„Und das ist mein Reich!“ Mit diesen Worten öffnet uns Gilles de Mil mit leuchtenden Augen die Tür in die Jutter-Scheune von Kaap Skil. Er, der bekennende Jutter, der Strandräuber von Texel, kennt all die Stücke, die sich hier an den Wänden und auf dem Fußboden stapeln. Nicht all seine Fundstücke vom Texeler Strand finden den Weg ins Museum, was ihm gefällt, behält er auch mal für sich.

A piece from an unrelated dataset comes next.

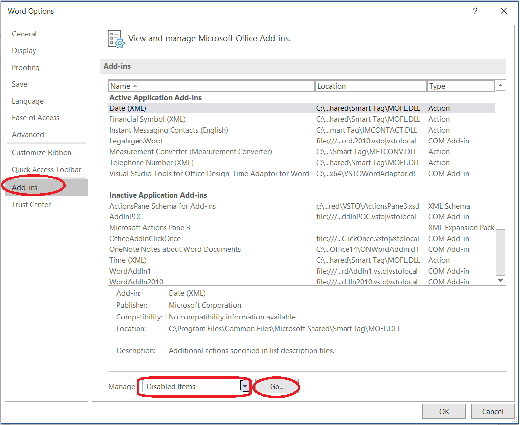 - Into Word Options Window, you’ll see a dropdown Manage at the bottom.

Eigentlich ist es ja verboten, was er und die anderen Strandräuber von Texel so treiben. Aber einem echten Texelaar ist das egal. Das Umgehen der Gesetze ist, wie das Sammeln von angespültem Strandgut, eine Art Volkssport der Insulaner.

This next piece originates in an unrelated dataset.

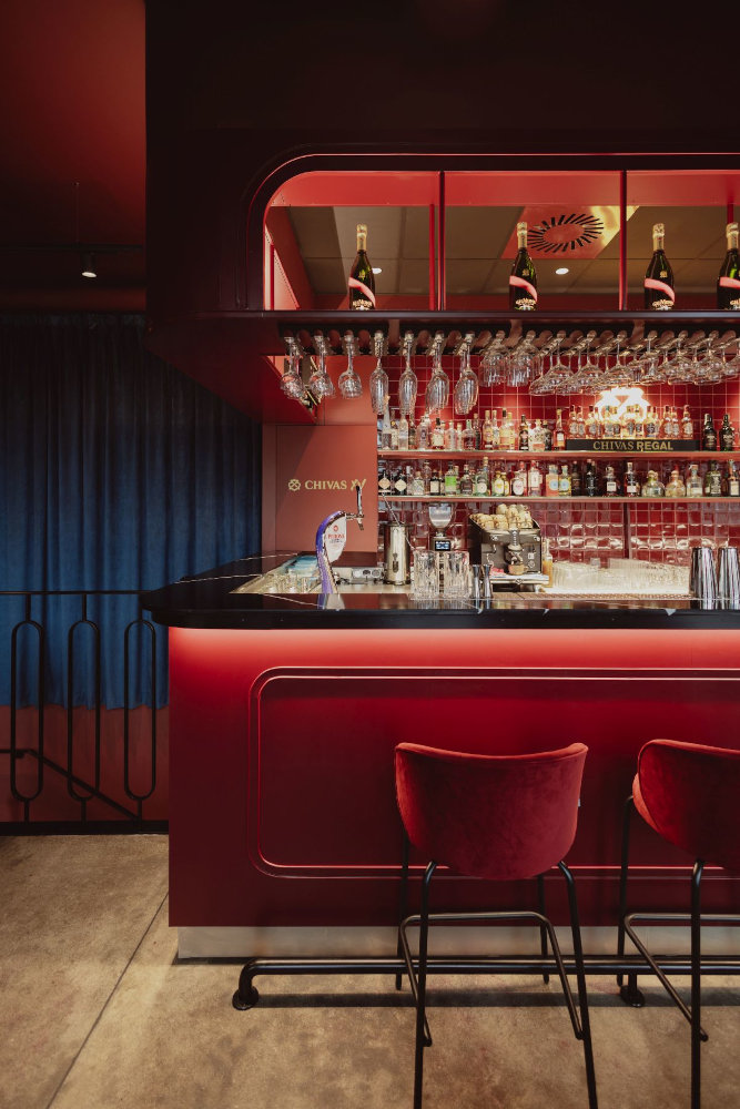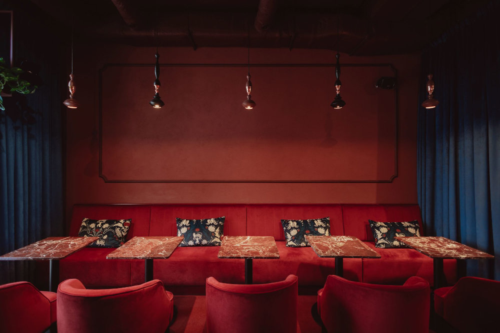 – Duszą tej przestrzeni jest delikatnie rzeźbiony bar, wykończony stalą w odcieniu burgundu – mówi Maja Skołysz z M19 Architekci. – Miękkie tkaniny współistnieją tu z secesyjnymi sztukateriami i szlachetnymi materiałami, a całość dopełnia grafika Barta Sucharskiego. Nawet toaleta staje się osobnym, kameralnym epizodem tej opowieści.

Kurioses Strandgut ist aber nicht das Einzige, was man im Museum Kaap Skil in Oudeschild auf Texel zu sehen bekommt. Die Bandbreite reicht von der Schifffahrt im Goldenen Zeitalter bis zum Leben auf Texel in den 50er Jahren.

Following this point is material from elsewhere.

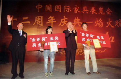 9 月12日,首届“金斧奖”中国家具设计大赛颁奖晚会在上海科学技术馆隆重举行,顺德职业技术学院家具设计专业的2位学生黄深杨(毕业生)和杨文莉(3年级学生)双双摘取了本届设计大赛的专业组金奖和院校组金奖。这也是顺德职业技术学院家具设计专业的学生第5次在全国家具设计大赛中夺取金奖。中国轻工业联合会副会长张善梅与中国家具协会会长贾清文亲自为两位学生颁奖。

Museum Kaap Skil Oudeschild, Texel

Schon im Frühjahr bei unserer Radtour auf Texel stand ich vor dem faszinierenden Gebäude mit dem gezackten Dach. Ob das Architekturbüro Mecanoo, das für den Entwurf verantwortlich war, sich an den Dächern der kleinen Fischerhäuser in der Umgebung, den Segeln der Schiffe oder den Wellen des Wattenmeeres gleich nebenan orientierte – ich weiß es nicht. Für mich vereint es alle diese Ideen und die halbdurchsichtige Fassade aus recyceltem Holz ist das Pünktchen auf dem i.

 

Dieses Mal habe ich mir ausgiebig Zeit für den Museumsbesuch genommen. Es gibt so viel zu entdecken und auch zu tun. Das riesige Modell der Reede vor Texel im Untergeschoss zeigt nicht nur den gut besuchten Schiffsparkplatz rund um das Jahr 1650 sehr eindrucksvoll, es erzählt auch Geschichten. Übrigens auch auf Deutsch, wie überhaupt die allermeisten Informationen und Texte im ganzen Museum.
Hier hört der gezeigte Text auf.